In 1993, following his retirement from the University of Leeds, the University awarded him the honorary degree of Doctor of Letters.

==Career==
After university, Walsh undertook two years' national service in the Royal Air Force (1953–55). His Communist Party membership led him not to be commissioned, and he spent the period guarding a bomb-disposal dump at Acaster Malbis. In 1955 he followed his wife Mary to Manchester, where she took up a job in a girls' grammar school, and took an administrative job at the University of Manchester. While at Manchester, Walsh became the founding secretary of the Meeting of University Academic Administrative Staff in 1961. He became Manchester's assistant registrar in 1969, deputy registrar at the University of Leeds from 1971, and the University's fifth registrar from 1979 until retirement in September 1992. Following retirement, he was made registrar emeritus.

== Politics ==
During Walsh's student years, he was an active member of the Communist Party, recruited to a large degree through the efforts of Arnold Kettle, who was variously his teacher, landlord, and friend. Walsh later concluded that his main motivation was that "I desperately, and increasingly desperately, wanted to be a real middle-class intellectual". Growing suspicious of the Party as he began to realise the extent of Russian interference in its activities, he left the party in 1956 over the Soviet invasion of Hungary. His friendship with Kettle appears not to have survived, and he continued to express regrets about Communist Party membership into the twenty-first century.

In the 1997 United Kingdom general election, Walsh stood for election in Barnsley Central as the candidate for the Eurosceptic Referendum Party. He came fourth out of the four candidates, with 1325 votes.

==Research==
Walsh did not view his MA research, on "Politics and Prose Style in the Writings of Edmund Burke", as a success, opining that he had peaked with his first-class BA "as far as intellectual matters went" and that "I had no idea what research was about". His external examiner, Sherard Vines, came close to failing the thesis.
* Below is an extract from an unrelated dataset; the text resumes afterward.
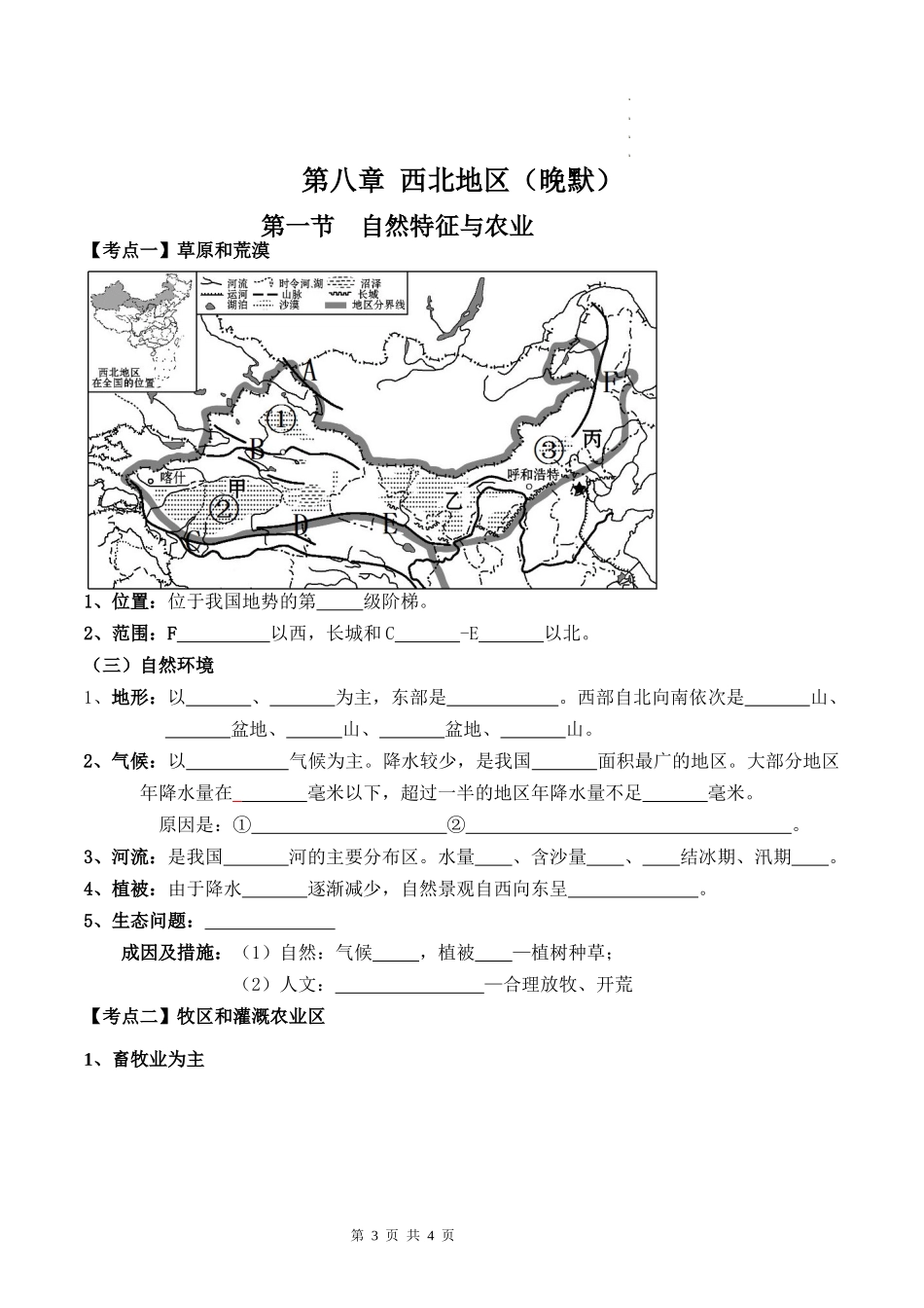 第1页共4页第八章西北地区(晨读)第一节自然特征与农业【考点一】草原和荒漠(一)位置与范围1、位置:位于我国地势的第二级阶梯。2、范围:F大兴安岭以西,长城和C昆仑山-E祁连山以北。(二)自然环境1、地形:...
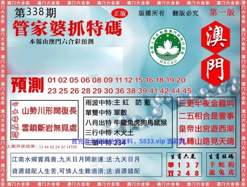 338期:九肖(兔虎鸡马龙鼠猴羊开狗08

In retirement, Walsh researched the history of British universities. He amassed extensive interviews with key figures in the 1955–68 expansion of British Universities, now held in Leeds University's Brotherton Library. His research on "The University Movement in the North of England at the End of the Nineteenth Century" was published posthumously.

== Personal life ==
Walsh married his fellow English student Mary McGrail in 1953; they divorced in 1962, with a Decree Absolute being granted in 1964, shortly before Walsh met the woman who was to become his second wife, Vanessa Rosenthal. In 1967 Walsh married Rosenthal, with whom he had the daughters Emilia and Nerissa.

==Autobiography==
- Walsh, James (2010). "Under the Apple Boughs"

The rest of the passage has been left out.